她都做好了面临天塌下来的思想准备了,可顾幽就只为了告诉她这些?
夏静月愣愣地发呆,硬是回不过神来。
顾幽见夏静月失神的样子,心中总算是出了一口恶气,知道这世上有人与她一样难过,她奇异地,就被治愈了,一点也不难过。也许,欣赏别人的痛苦,是一件极为愉快的事情。“你知道那个女人是谁吗?”
夏静月总算接受了顾幽的无聊,她打量了顾幽几眼,顾幽明显是想继续看她的笑话。
可是,这个笑话也太无聊了,一点也不幽默。
夏静月暗暗叹了一口气,她手头上的事情多着呢,哪有这闲功夫与她打嘴仗?
故而摇了摇头:“不想知道。”
说罢,夏静月抱着匣子越过顾幽离去。
轮到顾幽一愣了,然后,一股被无视的怒意爬上顾幽心头,她追上夏静月,拦在夏静月面前,冷道:“怎么,你要嫁的人心有所属了,就一点感觉也没有吗?”
夏静月站定,唇边扬起俏皮的笑意,笑吟吟地说:“也许,睿王殿下心有所属的人就是我呢?”
顾幽脸色一黑,斥道:“真不要脸!”
睿王会看上她?
顾幽绝不相信!
他们之间连交集都没有,怎么可能会喜欢?
夏静月见顾幽拦着路不让她离开,干脆抱着匣子,倚在红柱上,笑得明艳:“我怎么不要脸了?睿王殿下很快将是我的夫君,我的男人,他喜欢我也是理所当然的。反倒是你了,堂堂太傅孙女,也是将要嫁人的人了,开口闭口就提别的男人,我看你才不要脸呢!或者说,你脸皮太厚了?”

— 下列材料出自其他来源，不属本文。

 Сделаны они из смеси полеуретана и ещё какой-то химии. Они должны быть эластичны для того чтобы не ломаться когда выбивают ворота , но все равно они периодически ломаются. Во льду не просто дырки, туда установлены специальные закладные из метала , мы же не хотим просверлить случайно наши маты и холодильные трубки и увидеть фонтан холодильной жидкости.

无视顾幽越来越难看的脸色,夏静月继续笑眯眯地说着气死人的话:“脸皮厚好啊,太好了,你看这天快要下雪了,脸皮厚的话,不怕北风吹,不怕雪花飘,抗寒抗冷。哦,对了!要是足够厚的话,还可以撕下几层来做双皮鞋,那真是保暖极了,又省了几层皮子。”
“夏静月!”顾幽厉色指着夏静月喝:“你话放尊重一点!”
夏静月轻轻一笑,“顾女官,你是否忘记了,本官与你官位相等,身份相同,你还没到让我尊重的官衔。”

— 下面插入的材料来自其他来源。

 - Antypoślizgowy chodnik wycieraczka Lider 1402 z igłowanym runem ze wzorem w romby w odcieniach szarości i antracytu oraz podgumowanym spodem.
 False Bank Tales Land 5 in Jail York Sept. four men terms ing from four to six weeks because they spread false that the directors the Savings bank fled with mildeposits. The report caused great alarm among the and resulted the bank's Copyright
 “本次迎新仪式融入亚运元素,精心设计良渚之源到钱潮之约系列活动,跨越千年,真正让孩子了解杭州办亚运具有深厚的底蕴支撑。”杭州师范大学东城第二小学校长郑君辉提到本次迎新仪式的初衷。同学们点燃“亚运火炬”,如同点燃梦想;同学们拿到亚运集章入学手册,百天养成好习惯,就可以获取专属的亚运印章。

见附近有些宫人伸头望来,夏静月抱着匣子再次越过顾幽,往太医院而去。
路上,夏静月眉头微微蹙起,顾幽三番两次地找她麻烦,实在是烦不胜烦,就算是泥人也有三分火气。得想个法子给她找些事儿做,免得总是闲得想找别人的麻烦。
以前顾幽就想着法子设套来套她,这会儿她跟韩潇的婚事已定,对顾幽来说,又有夺爱之恨,只怕那套子就下得更多了。
夏静月沉思之中,发现远处康王往英武殿的方向去了。
她眸光一转,问已跟上来的小娄子,“宁王今天入宫了吗?”
小娄子看了看天色,再心中算了算天时,说:“往常这个时候宁王殿下应该去跟连妃娘娘请安了,会在连妃娘娘那会儿呆一会儿,才会往英武殿去向皇上请安。”
夏静月站定,跟小娄子说:“你悄悄过去看一眼,康王是不是找顾女官去了。看一眼就回来,别让他们发现。”
小娄子应了,赶紧跑去瞧了。
这一瞧,远远地,果然看到康王与顾幽两人往英武殿后的荷花池去了,马上回去报了夏静月。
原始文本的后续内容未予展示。